1) Do away with the grub menu by default
Why? That is the first question that came to mind. A large number of linux users dual-boot multiple OSes. It also is useful when you have multiple kernel versions installed; if you set the time-out to 3 seconds do you really notice it?

I couldn't agree more with you on this... However...
2) Switch to graphical Mode in initrd, draw an animation....
I have an animation now in rhgb, and as a bonus I can see all my services loading if I hit the "more" button. I trust this feature will not go away?

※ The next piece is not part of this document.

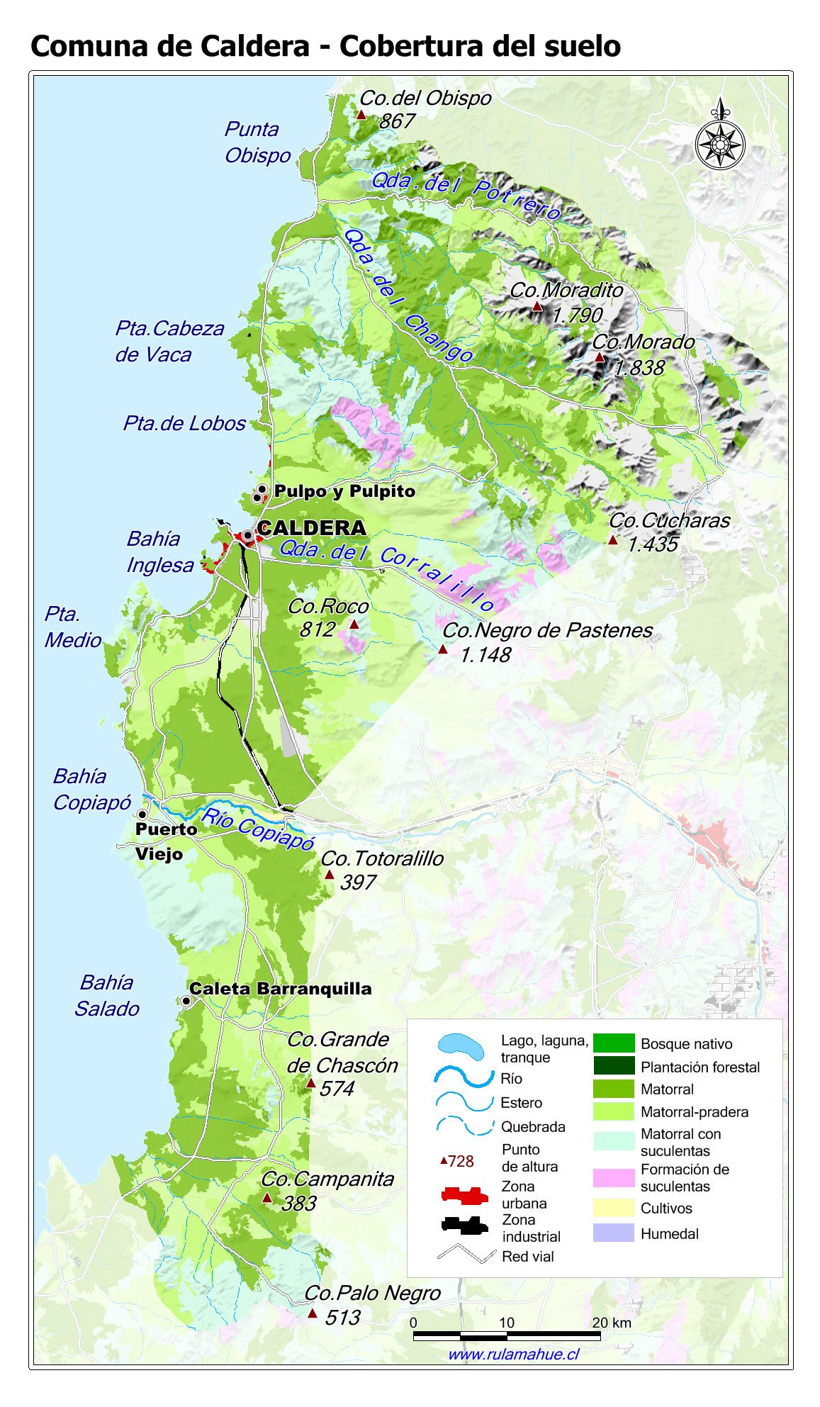 Mapa de la cobertura del suelo por unidad del relieve según el Catastro de Cobertura del Suelo del año 2018 (fuente: sit.conaf.cl)

Ever heard of Linux BootSplash? Is way better than RHGB in that BootSplash (upon which I'm assuming they're basing this) does not require to launch an early Xserver (in other words, it consumes quite a bit of resources to do that and can't be done as soon as the kernel is loaded, where as BootSplash can, as it is part of the kernel image).
3) rhgb goes away
   ?reinvent the wheel?

Nope, improve upon it. RHGB was regarded by many back in the days of Fedora Core 2 as the worst idea for a graphical boot for Linux, as the Linux console already supported high resolution framebuffer images... Just out of curiosity, try passing the kernel the argument "vga=792" (without the quotes) on your next boot and see what happens ;-). Work on projects such BootSplash started even back in the days of Red Hat 9, but never got really stable. Some projects started to use it (Slackware, SuSE, Gentoo, etc). BootSplash had a function which could represent two modes, pretty much the same as what you see happens within RHGB right now. By means of pressing F12 you can see the boot process just like before, and it is even possible to switch to it if a problem occurs during boot up (a service taking too long to load, a service failing to start, a hard disk check, etc). This was the way to go from the beginning, I was actually surprised that RHGB lingered for so long!

This sounds a lot like the useless Mac OS X boot sequence in which a little circle is animated in the middle of the screen. That tells the user nothing what is going on in the boot process and is a pile of crap. Almost as brilliant as the Windows Vista loading screen.

I'd be curious to hear others thoughts on this; I can't be the only user out there who likes to know his system is indeed booting up and what it is doing. Is this really the direction we want for the fedora-desktop environment? Simply cloning other OSes poor user interface decisions?